A promising side effect of the successful introduction of robotics in commercial vineyards is the attraction that new technologies pose to young grape growers. The average age of farming populations in Europe and Japan is currently near retirement age, with very few professional farmers under 35 years old. The lure of electronics and automation will possibly help to counter the negative effect of an aging population in agriculture. This is one of the major problems faced by industrialized countries, especially with the potential demand for an increase of 100% in food with the growth in population expected in 2050. Figure 5.16b shows that there are many European farmers over 65 years old, which in many countries is the retirement age; and conversely, Fig. 5.16a shows the small number of farmers under 35 years old, the prototypical farmer who could give stability to the rural population in a rural renaissance induced by technology-based solutions.

Fig. 5.16
figure 16

European farmers under 35 years old (a) and over 65 years old b (Eurostat)

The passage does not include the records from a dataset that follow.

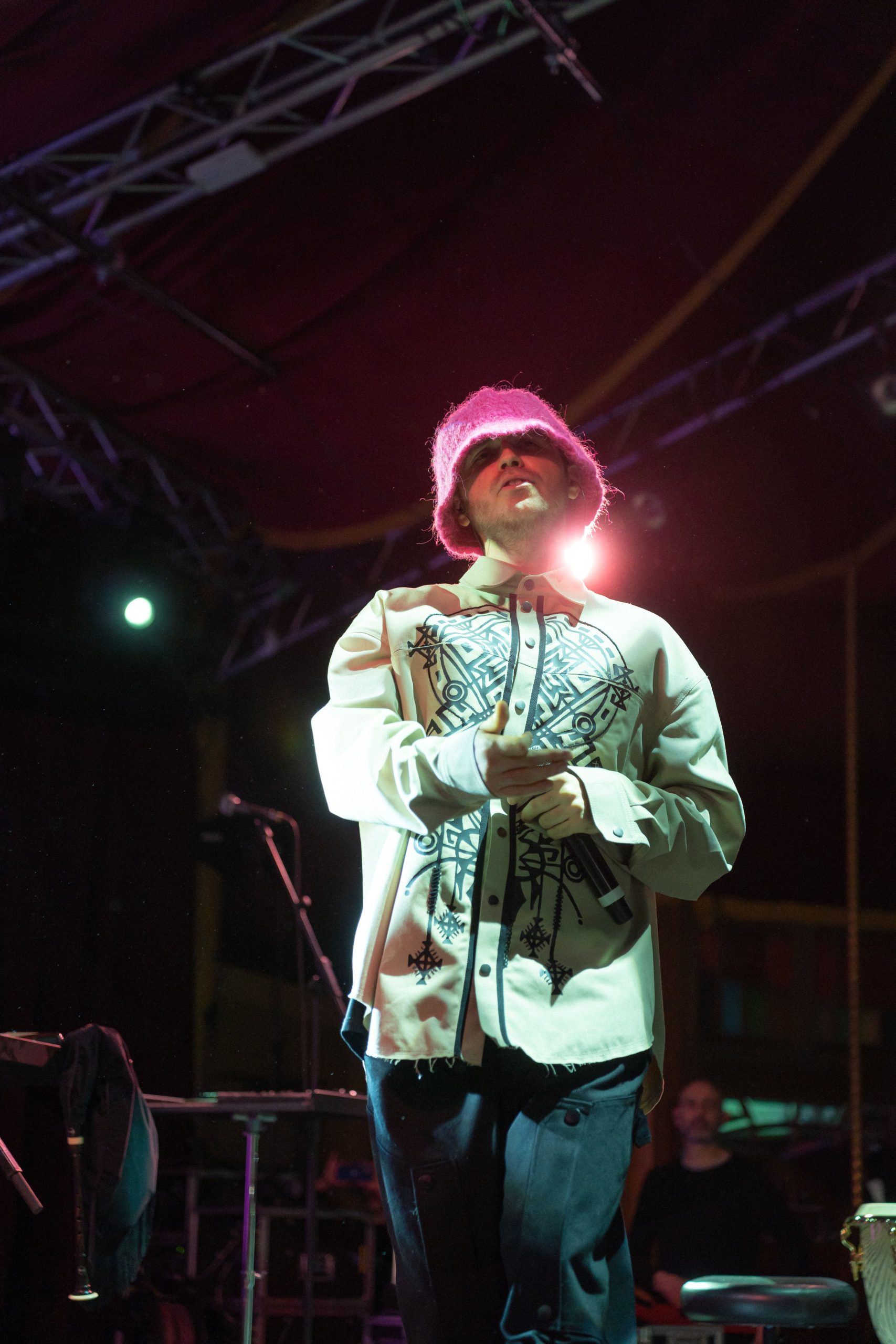 Лідер Kalush Orchestra Олег Псюк зняв кептар та одягнув сорочку, яка теж стилізована орнаментом.
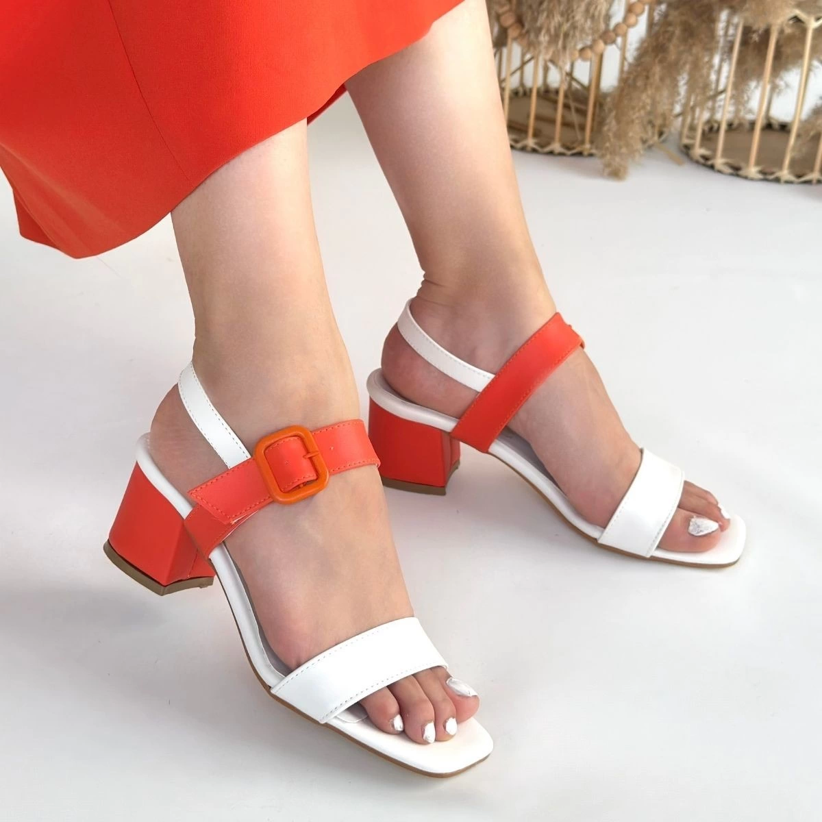 Year Beyaz Cilt Turuncu Detaylı Topuklu Ayakkabı (Numara: 40)
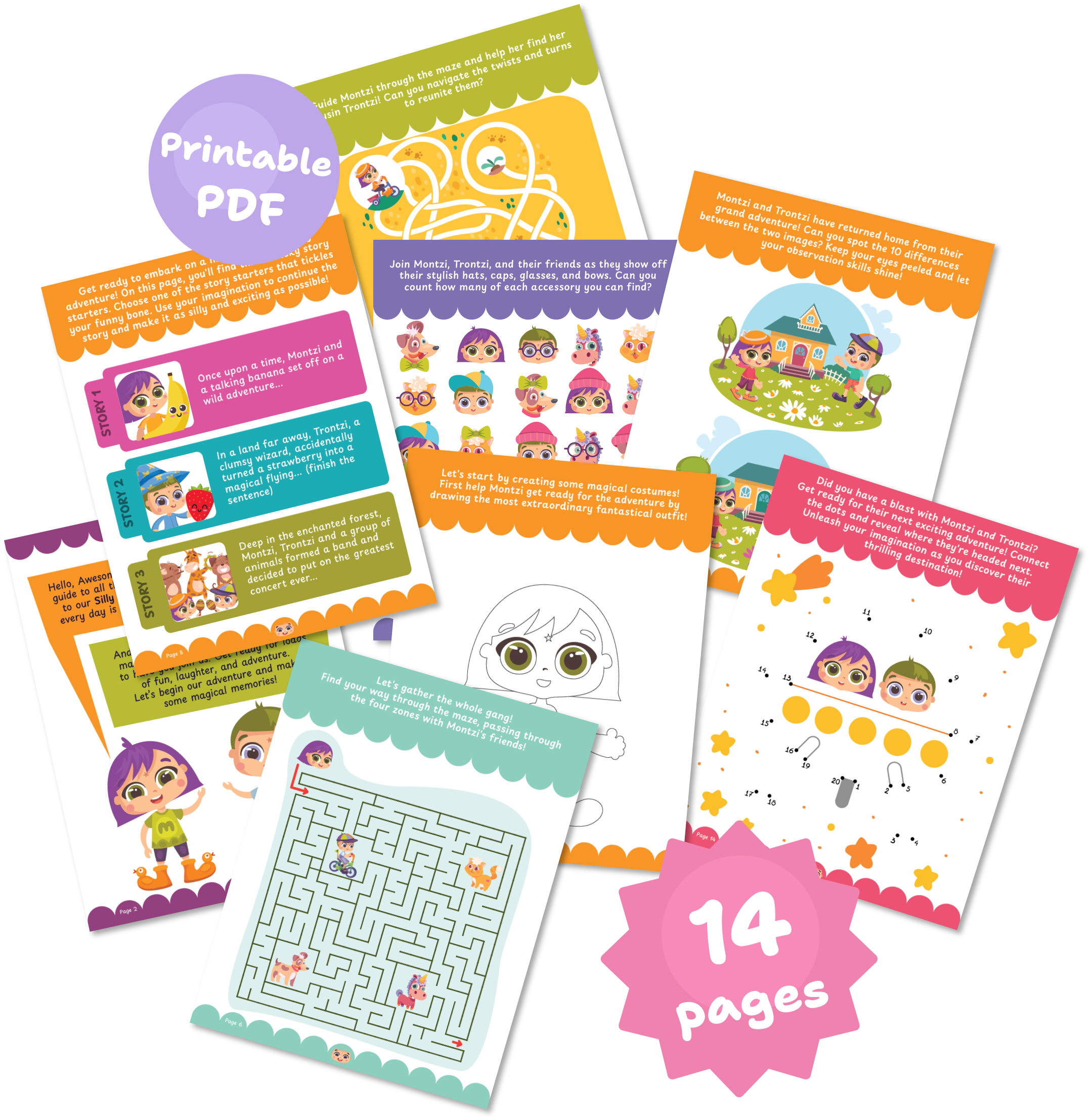 This activity book is truly an interactive workshop for the imagination. From designing fantastical costumes to finishing hilarious stories about talking bananas and clumsy wizards, this digital book is packed with activities that spark creativity and laughter. Whether your little one loves solving puzzles, drawing magical items, or navigating twists and turns, Montzi and Trontzi have a "Silly Adventure" waiting just for them.
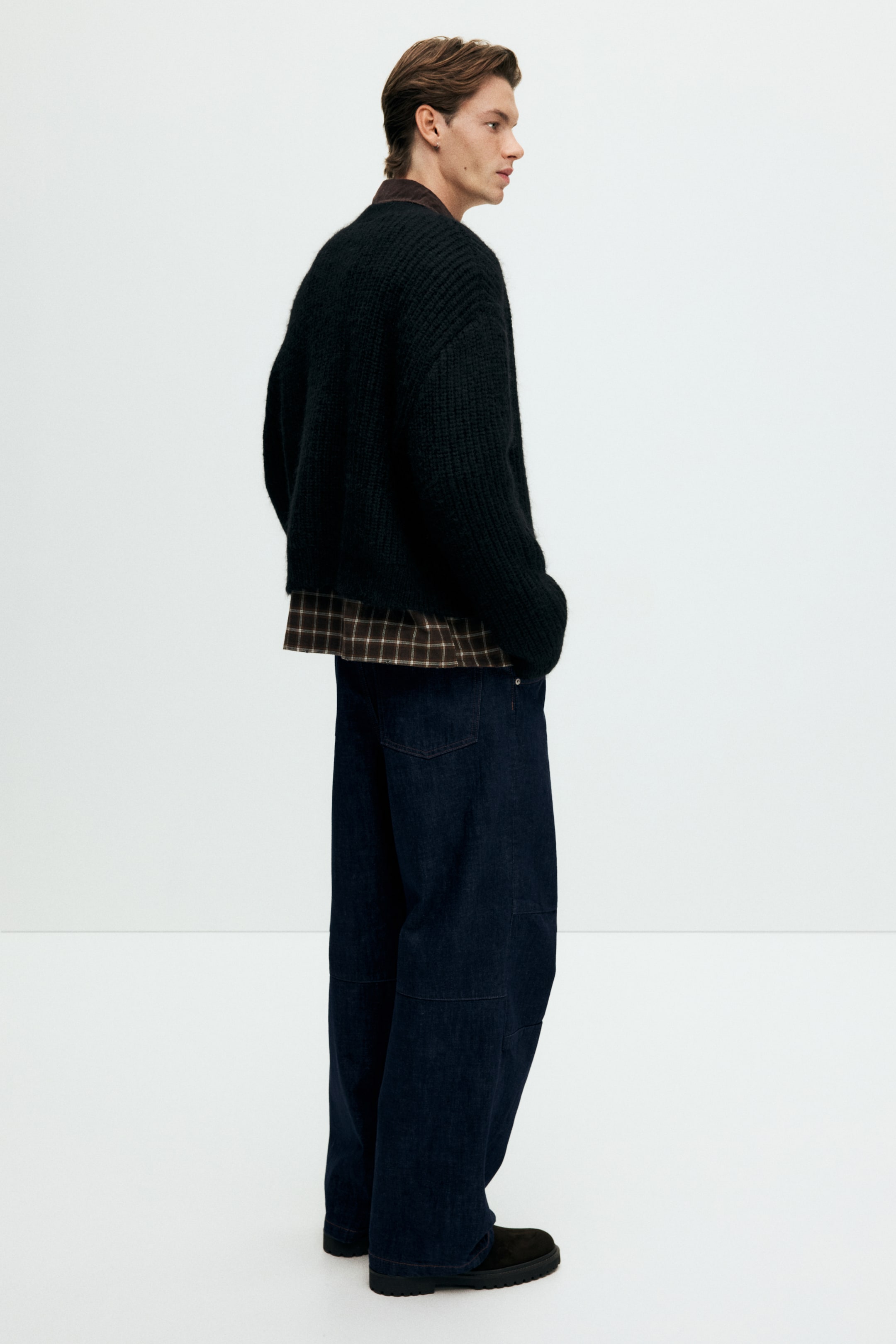 Baggy 5-pocket jeans in rigid cotton denim. Rounded leg and a baggy fit from the seat to the hem with plenty of room around the whole leg and darts at the knee for added volume. Dropped crotch and stacked at the ankle. Regular waist and a zip fly.
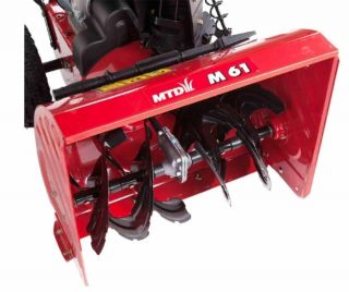 Снегоуборщик MTD M61 - отличная и недорогая снегоуборочная машина. Оснащена приводом на колеса со специальными покрышками, протектор которых не позволяет скользить даже на льду. Колёсный снегоуборщик MTD M61 лёгок и прост в управлении, имеет стильный дизайн. Оснащается прочным пластиковым желобом для выброса снега, поворачиваемым на 180°. Направление и дальность выброса снега устанавливается вручную и обеспечивают точный выброс снега в любом направлении. Имеет усиленный зубчатый шнек обеспечивает наиболее эффективное измельчение наледи и слежавшегося снега. Шнек аккуратно захватывает снег, счищая его с асфальта или мощеной дорожки. Модель самоходная: 5 передних скоростей и 2 задние. Снегоуборщик mtd 61 имеет крупные элементы управления, которыми легко оперировать даже в перчатках. Управление приводом на колеса и приводом шнека находятся на правой и левой рукоятке соответственно.
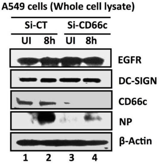 siRNA-mediated knockdown of CD66c shows inhibition of virus entry into lung-cells infected with 1 MOI of PR8 virus, through western blot analysis. Here, Si-CT denotes control siRNA treated cells; Si-CD66c are cells treated with CD66c siRNA. 8h are cells harvested after 8 h of infection (one life cycle of IAV), UI are uninfected cells. A549 cells treated with siRNA show complete knock down of the receptor molecule CD66c (third panel from top) while control siRNA treated cells do not show any reduction in expression of CD66c (left two wells of third panel). The fourth panel from top shows level of A/PR8/34 influenza virus entry in cells determined by expression levels of viral NP protein. The second well from left shows significant expression level of viral NP protein in cells treated with control siRNA, eight hours after infection. In contrast, the right-most well shows a marked reduction of influenza A virus (IAV) entry in cells treated with CD66c siRNA, as determined by low expression level of viral protein NP eight hours after infection. Conclusively, virus entry was inhibited in absence of CD66c (CD66c siRNA treated cells). CD66c siRNA treated cells do not show any noticeable change in expression levels of EGRF (topmost panel) and DC-SIGN (second panel from top). For loading control β-Actin was probed (the bottom panel).
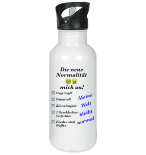 Umsatzsteuerbefreit gemäß UStG §6, zzgl. VersandDie neue Normalität – Edelstahl-Trinkflasche
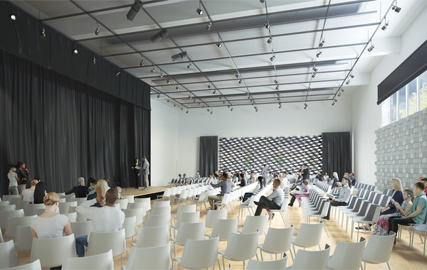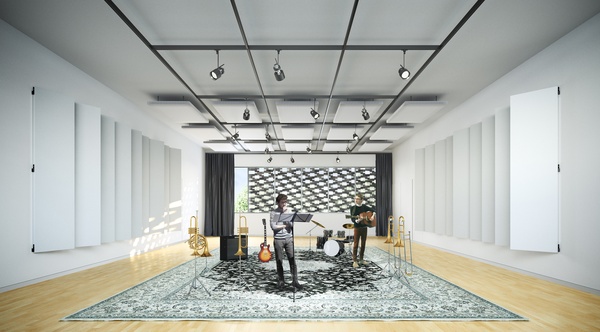 Un tapis persan habille le sol de la salle de répétition, à la fois pour compléter le dispositif acoustique et pour rendre le lieu plus chaleureux. Dans les salles de cinéma, les écrans sont courbes, les salles bien gradinées pour permettre un très
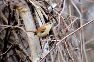 As I was walking through the riverside trails today, I heard the call of a bird that I don’t think I’ve heard (or at least paid attention to) before. I quickly scanned the area for any movement. Shortly after starting my search, I saw this little guy twisting back and forth with every other call he made. A quick look through my book helped me successfully identify this northern adult, male Carolina Wren (Thryothorus ludovicianus). According to my book, there is also a Mexican version that appears to have some additional dark patterning around its supercilium (the area just above the eyes) and toward the rear end of the flank (the feathers down the bird’s side).
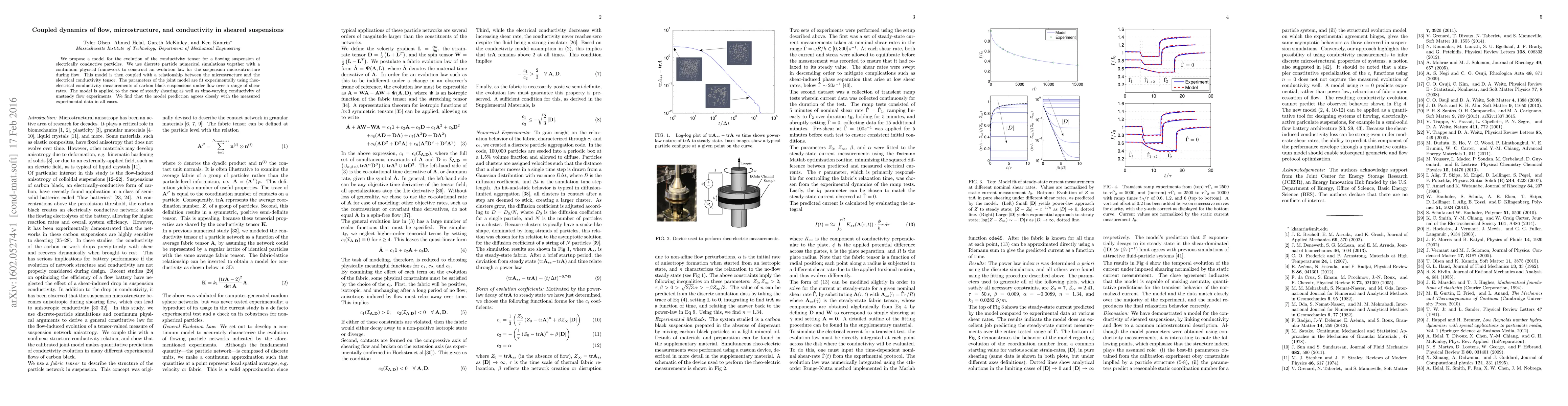 We propose a model for the evolution of the conductivity tensor for a flowing suspension of electrically conductive particles. We use discrete particle numerical simulations together with a continuum physical framework to construct an evolution law for the suspension microsutructure during flow. This model is then coupled with a relationship between the microstructure and the electrical conductivity tensor. The parameters of the joint model are fit experimentally using rheo- electrical conductivity measurements of carbon black suspensions under flow over a range of shear rates. The model is applied to the case of steady shearing as well as time-varying conductivity of unsteady flow experiments. We find that the model prediction agrees closely with the measured experimental data in all cases.

In addition to the serious problem of an aging farming population, there are other issues for growers that make robotics attractive to viticulture. Among them, the shortage of skilled workers to prune vines in the winter, the lack of objective field data to maintain a wine of a certain quality consistently and its reputation over time, and the possibility of differential harvesting to avoid mixing grapes with different properties. Overall, there are many ways of improvement in viticulture through technology, but, on the other hand, there are also important challenges to overcome before reaching market readiness. The fact that robots are not widespread in vineyards worldwide suggests that these novel approaches remain difficult at the commercial and practical level. Technical challenges such as reliability and safety of autonomous vehicles operating several hours without human intervention, economic hurdles resulting from the need to use cutting-edge technology in products that must compete in price with other alternative solutions, and social barriers encountered when complex devices that produce unmanageable amounts of data have to be accepted and understood by an ever aging population all seem apparently insurmountable. However, recent progress in the fields of robotics and precision agriculture give much cause for optimism, and impressive innovations will soon reach the market and the global agronomic sector.